A Tensor Playground:

a demonstration of $\textsf{TensorSpace}$

Joshua Maglione

jmaglione@math.uni-bielefeld.de

Universität Bielefeld

Creative Commons Attribution 4.0 International License

Began in 2015 and is still evolving.

Joint with Pete Brooksbank and James Wilson.

Funded in part by NSF: DMS-1620454.

$\textsf{TensorSpace}$ refers to a collection of Magma packages:

TensorSpace: data structures for tensors,
Sylver: algorithms for simultaneous Sylvester equations,
Densor: algorithms to construct linear closures of tensor spaces.

Constructing Tensors in $\textsf{TensorSpace}$

Flexible data structure for tensors

Goal: Want flexible definition for tensors.

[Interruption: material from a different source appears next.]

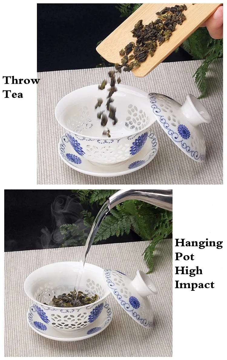 Large Capacity Porcelain Gaiwan for Travel, Cover Bowl, Gai Wan Chinese Tea Cup with Lid and Saucer, Puer Set, Ceramics, 350ml

Questions: Is a tensor more than just...

a high-dimensional grid?
a multilinear map?

How do the questions we want to answer motivate a data structure?

Examples require context

1. $b$ bilinear form of $V$ . Interpret:

$\langle b | : V \times V \rightarrowtail K$

3. $V$ an $A$ -module. Interpret:

$\langle \mu | : V \times A \rightarrowtail V$

2. $\psi$ an entangled system of qubits. Interpret:

$\langle \psi | : \mathbb{C}^2\times \cdots \times \mathbb{C}^2 \rightarrowtail \mathbb{C}$

Tensors in $\textsf{TensorSpace}$ are framed

We require tensors to have three things:

1. frame: $(U_0, \ldots, U_n)$ ,

2. function: $U_n\times \cdots \times U_1\rightarrowtail U_0$ ,

3. category*.

*We do not specify now, but we will come back to this.

A "default" category is assigned when not given.

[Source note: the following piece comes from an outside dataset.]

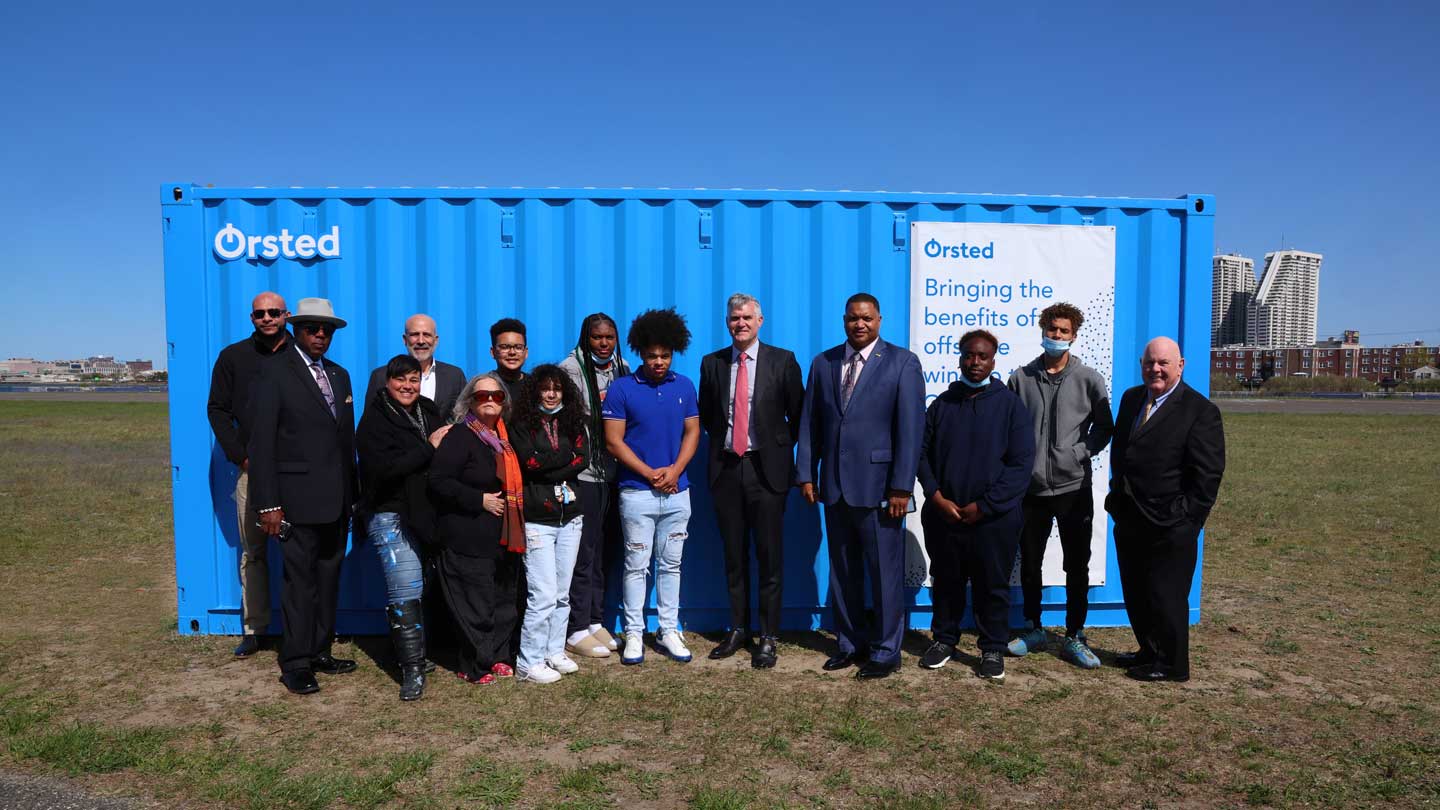Ørsted Offshore North American CEO David Hardy and JINGOLI CEO Joseph R. Jingoli, Jr. recently met with students and leaders from the Atlantic City-based L.I.T (Leaders in Training) program to discuss plans for converting an empty shipping container, primed and painted by the Atlantic City Arts Foundation, into an offshore wind information center. Ørsted, in conjunction with the Casino Reinvestment and Development Authority (CRDA) and JINGOLI, will host a program where L.I.T. students will participate in a 12-week, JINGOLI Competitive Edge, “Live Classroom” training course on offshore wind and construction-related topics. Following the training course, students will apply what they learned to transform an empty shipping container into an informational center.

Constructing a tensor from scratch

We construct the tensor

$\begin{aligned} t : \text{M}_2(\mathbb{Q}) \times \text{M}_2(\mathbb{Q}) &\rightarrowtail \text{M}_2(\mathbb{Q}),\\ (A, B) &\mapsto AB \end{aligned}$

We have two structures we define:

frame: $(\text{M}_2(\mathbb{Q}),\; \text{M}_2(\mathbb{Q}),\; \text{M}_2(\mathbb{Q}))$ ,
function: $(A, B)\mapsto AB$ .

Q := Rationals();           
A := MatrixAlgebra(Q, 2);              // 2 x 2 matrices over Q
frame := [A, A, A]; 
frame;

[
Full Matrix Algebra of degree 2 over Rational Field,
Full Matrix Algebra of degree 2 over Rational Field,
Full Matrix Algebra of degree 2 over Rational Field
]

First we define our frame.

Require a function to map a tuple of matrices to their product.

mult := func< x | x[1]*x[2] >;         // <A, B> |-> A*B
t := Tensor(frame, mult);
t;

Tensor of valence 3, U2 x U1 >-> U0
U2 : Full Vector space of degree 4 over Rational Field
U1 : Full Vector space of degree 4 over Rational Field
U0 : Full Vector space of degree 4 over Rational Field

Tensors as multilinear functions

Let's do a brief sanity check, and verify $t$ does what we expect.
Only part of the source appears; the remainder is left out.